• _GIVEN DATA_:
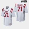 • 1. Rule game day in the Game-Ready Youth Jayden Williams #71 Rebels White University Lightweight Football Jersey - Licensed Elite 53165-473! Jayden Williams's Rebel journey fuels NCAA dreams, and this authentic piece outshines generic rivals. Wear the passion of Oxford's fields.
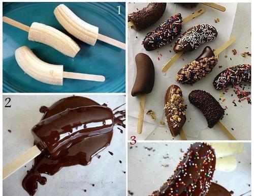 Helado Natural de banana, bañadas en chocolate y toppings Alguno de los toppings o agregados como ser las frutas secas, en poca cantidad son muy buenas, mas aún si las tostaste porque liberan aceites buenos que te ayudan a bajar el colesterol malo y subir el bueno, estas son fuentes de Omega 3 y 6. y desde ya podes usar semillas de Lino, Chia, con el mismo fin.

---

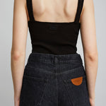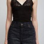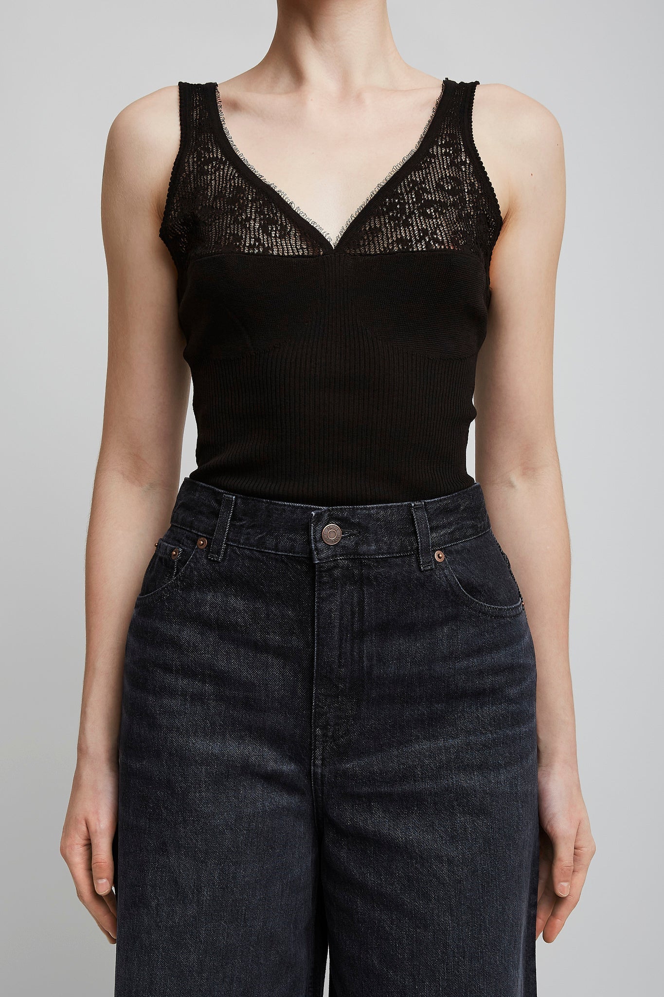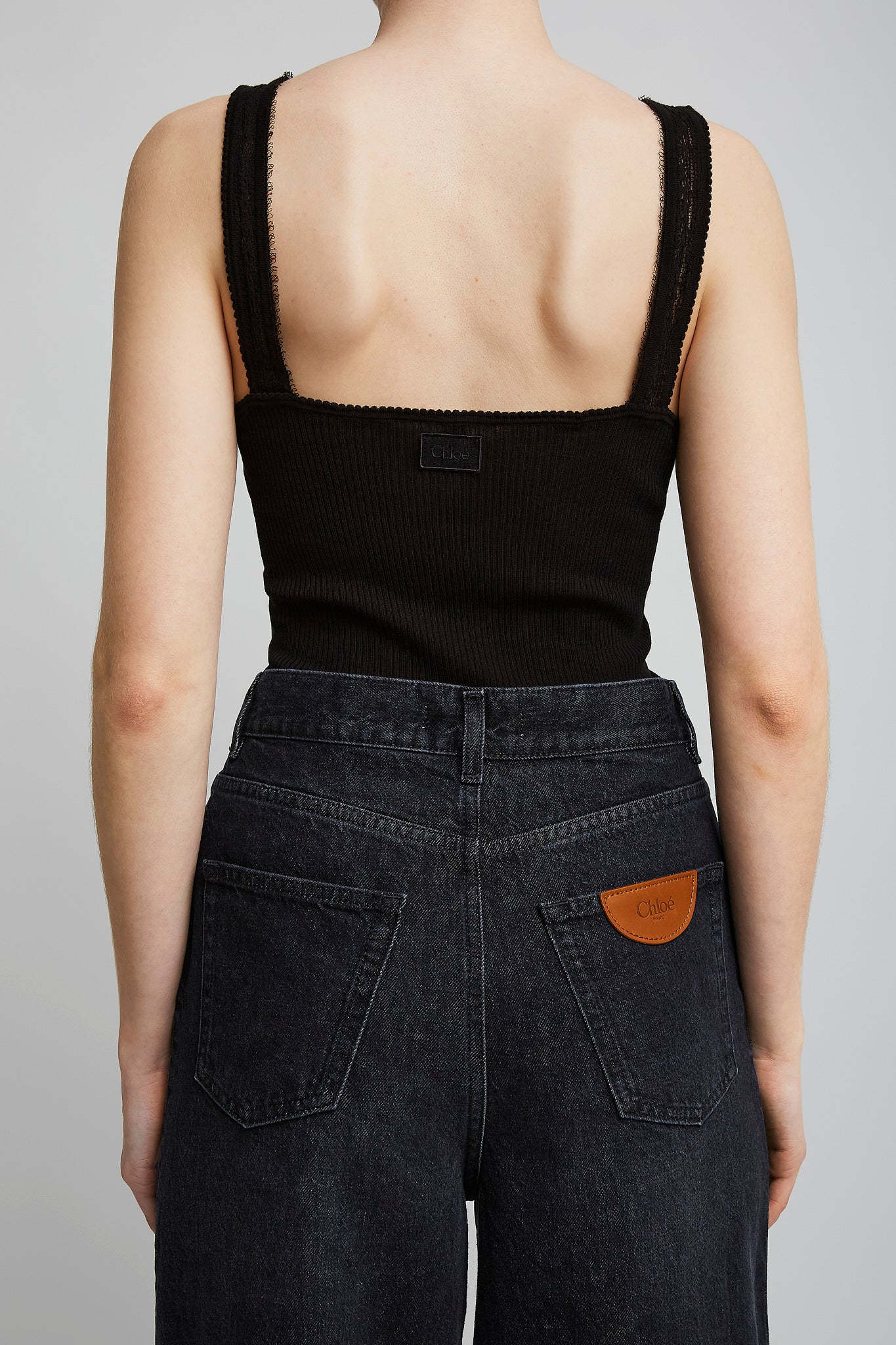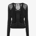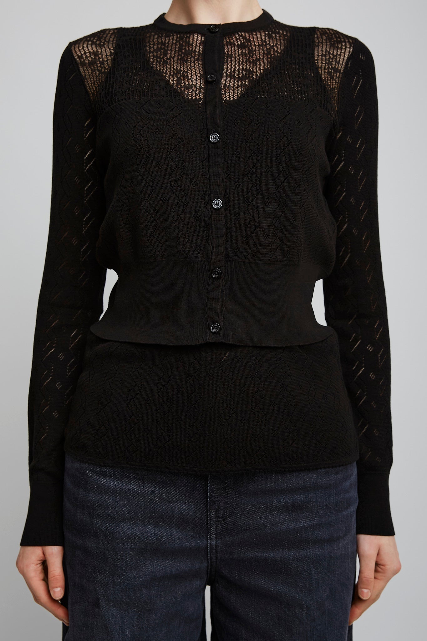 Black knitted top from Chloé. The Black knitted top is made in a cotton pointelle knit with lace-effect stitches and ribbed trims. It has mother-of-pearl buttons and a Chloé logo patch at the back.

* * *

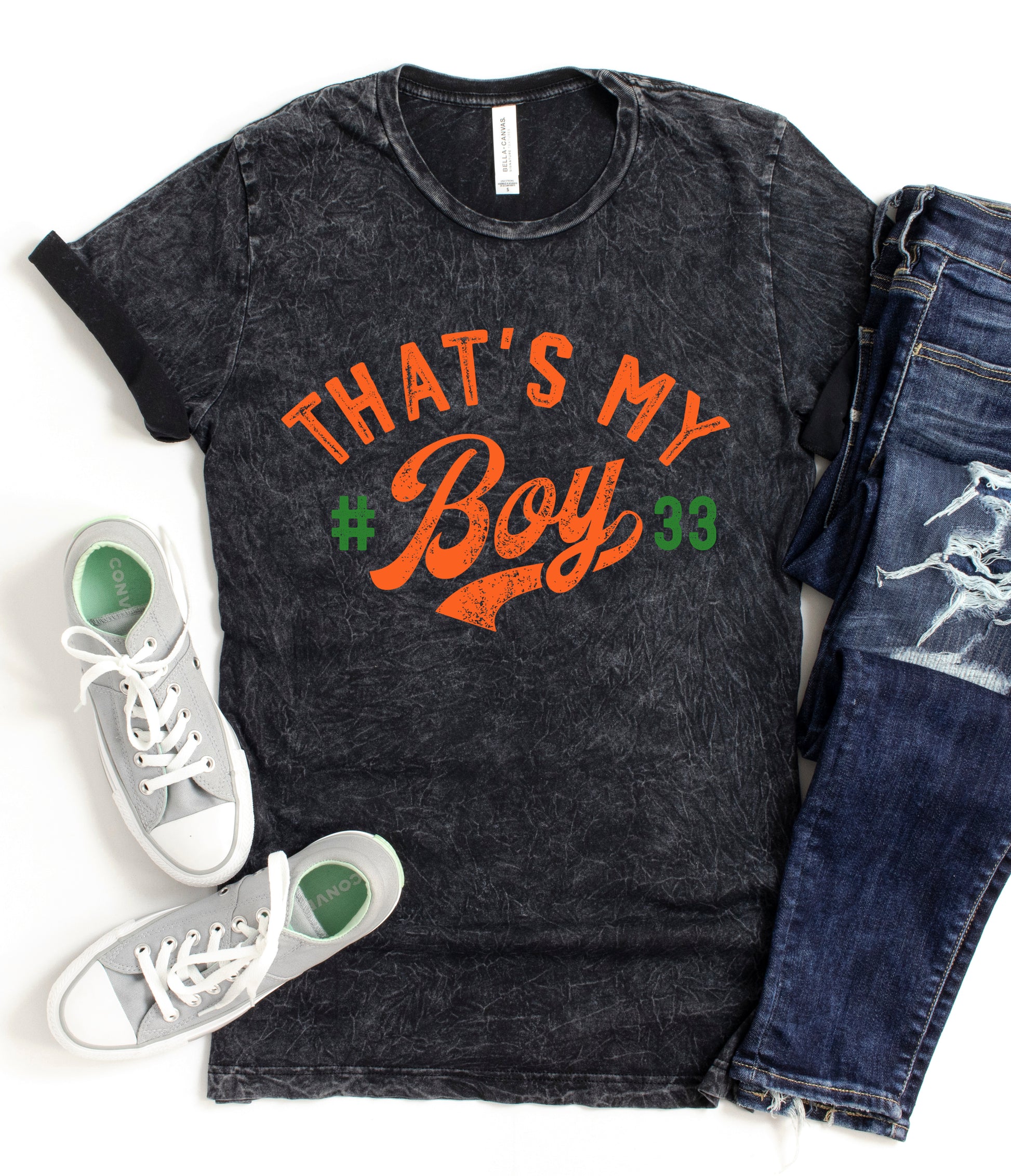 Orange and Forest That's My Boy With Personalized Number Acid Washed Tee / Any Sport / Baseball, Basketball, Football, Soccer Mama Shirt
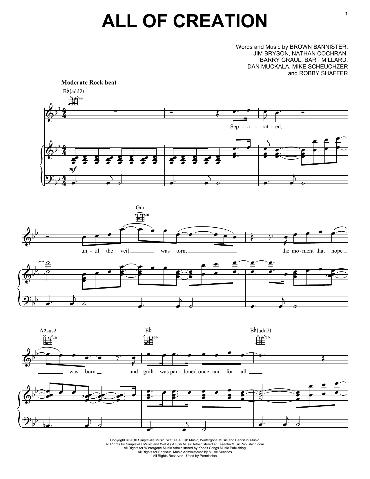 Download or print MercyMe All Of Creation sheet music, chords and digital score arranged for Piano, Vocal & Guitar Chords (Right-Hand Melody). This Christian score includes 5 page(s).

• _INSTRUCTIONS TO FOLLOW_: Text only, no pictures: please print exactly the lines above from the line with "Orange and Forest" up to and including the line with "Download or print", and nothing else.

• _RESPONSE BOX_:
 Orange and Forest That's My Boy With Personalized Number Acid Washed Tee / Any Sport / Baseball, Basketball, Football, Soccer Mama Shirt
 Download or print MercyMe All Of Creation sheet music, chords and digital score arranged for Piano, Vocal & Guitar Chords (Right-Hand Melody). This Christian score includes 5 page(s).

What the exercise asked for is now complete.